This post is based on a webinar presented by Jim Frey, VP Strategic Alliances at Kentik, on Network Performance Management for cloud and digital operations. The webinar looks at how changes in network traffic flows — due to the shift to the Cloud, distributed applications, and digital business in general — have upended the traditional approach to network performance monitoring, and how NPM is evolving to handle these new realities.
It’s important to understand at a very high level, that with network performance monitoring, we’re talking about going beyond just recognizing whether or not the network is available and functional, to seeing how well it’s doing its job. Is the network is doing what is expected for delivering applications and services? That’s slightly different than just understanding “is the network there and available?”
Some things that you would see as typical activity measures on the network are not necessarily directly relevant to NPM. So this is not just looking at traffic volumes, or the counters or stats that you can get from interfaces.
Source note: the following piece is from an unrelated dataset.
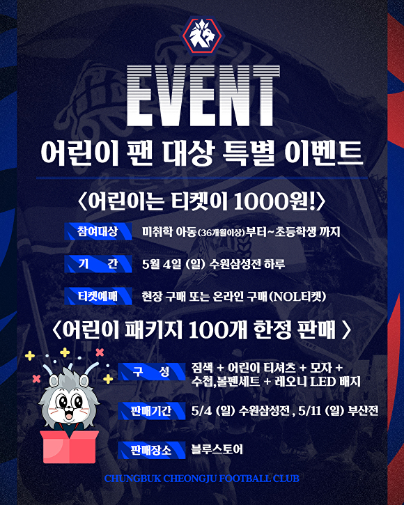 김현주 충북청주FC 대표이사는 “어린이날(5월 5일)을 맞아 아이들에게 축구장의 추억을 선물해주고 싶었다”며 “이번 이벤트로 많은 어린이가 구단과 가까워지길 바란다”고 전했다.

Or even the kind of data you get in logs and events. Those can be helpful in understanding network activity, and some forms of that data are relevant in simple ways to network performance, but really just on the side of utilization.
So NPM is about another set of metrics. Metrics such as round-trip time, out-of-order packets, retransmits, and fragments, tell you how well the network is doing its job. And more specifically, they tell you what role the network is playing when it comes to the bigger question, which is the end-user or customer experience.
Ideally, when you put a network performance monitoring solution in place, not only can you get these new metrics about what’s going on with the network, but you have a way to tie them back to the applications and services that you’re trying to deliver. That’s what helps you tie improving and protecting network performance to achieving your ultimate business goals.
Key NPM Data Sources
There are two primary categories of data sources for network performance monitoring. There’s synthetic data, which you can generate by setting up robots that will send examples of traffic through the network, and then see what happens to it, in order to calculate the metrics mentioned above.
Then there’s data generated via passive observation of real, actual traffic. That’s done by either looking directly at packets that are going across the network or by looking at flow records generated from looking at those packets. Flow records are simply summaries about the packets that have been going across the network. So ultimately, both of those techniques come back down to understanding what’s happening at the packet level. The difference between them is that the data is transmitted and inspected in slightly different ways.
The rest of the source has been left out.